ELVIS FRIED POTATO SANDWICH

1/2 lb bacon
2 small russet potatoes, peeled and sliced
2 small yellow onions, peeled and thinly sliced into rings
Salt and pepper to taste
2 large slices white bread
Mustard to taste

1. Fry the bacon in a heavy cast-iron skillet to desired doneness and drain on paper towels. Heat the bacon drippings over medium heat, add the potatoes and onions and sprinkle with salt and pepper. Fry until the potatoes are browned and crisp on the outside and tender on the inside and the onions are tender, too. Do not turn the potatoes until they are crisp. Taste for seasoning.

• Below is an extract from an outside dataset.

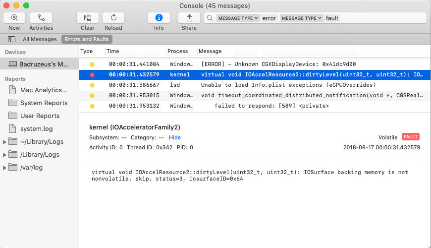 5809: 0x7fd77895f000 0.00: 0.00: 0.00 µs CGLTexImageIOSurface2D(0x7fd77895f000, GL_TEXTURE_RECTANGLE, GL_RGBA, 16, 16, GL_BGRA, GL_UNSIGNED_INT_8_8_8_8_REV, 0x7fd77a349300, 0);

2. Grill or broil the bread until it is toasted on one side. Smear the untoasted sides generously with mustard and layer bacon and potatoes and onions on top of one mustard side. Cover with remaining bread, mustard side down.

Bon appetit!


Monday, March 9, 2009

CRAIG'S DREAM HOUSE!!!


Oh, how I wanted a Barbie Playhouse when I was a wee boy.

In honor of Barbie's 50th birthday, those wacky folks at Mattel had some designer make a LIFE SIZE ONE! The cocktail parties Barbie and I could throw there! Imagine the music! The Swingle Singers do Mozart. Beck. The Barry Sisters! Scary appetizers on orange platters!

But where to put the bar?

Sunday, March 1, 2009

FASHION! FASHION! FASHION!


For YEARS we've been hearing the '80s ARE BACK, BACK, BACK, and for season after season, I've been waiting for MY '80s to come back, not the MTV generated fashion of that period (did I ever own a pair of acid washed jeans? ummm, no), but the oh so swank days when W was just a glossy newspaper, and Derek and I read WWD like it was the bible.

Finally, this season, many designers are harkening back to a very stylish period of the '80s: Those heady days betwixt Disco and New Wave.

Gucci, for instance, has come out with a new look altogether, this season an homage to my personal favorite model of the period, Miss Tina Chow, who, over her short life, amassed a collection of Balenciaga Ball gowns that have hopefully been (since her death of AIDS in 1994) handed over to a museum of note.

Take for instance the above photo. The SLIGHT shoulder pad, the single lapel, the WIIIIIDE belt, the above the thigh high mini over opaque hose. The DOLMAN sleeve! Pretty nifty mix of Ziggy Stardust and Fiorucci, if you ask me.

PLEEZE bring back THESE '80s.

Please.

And keep those 'got it at the mall' day-glo colors to yourself.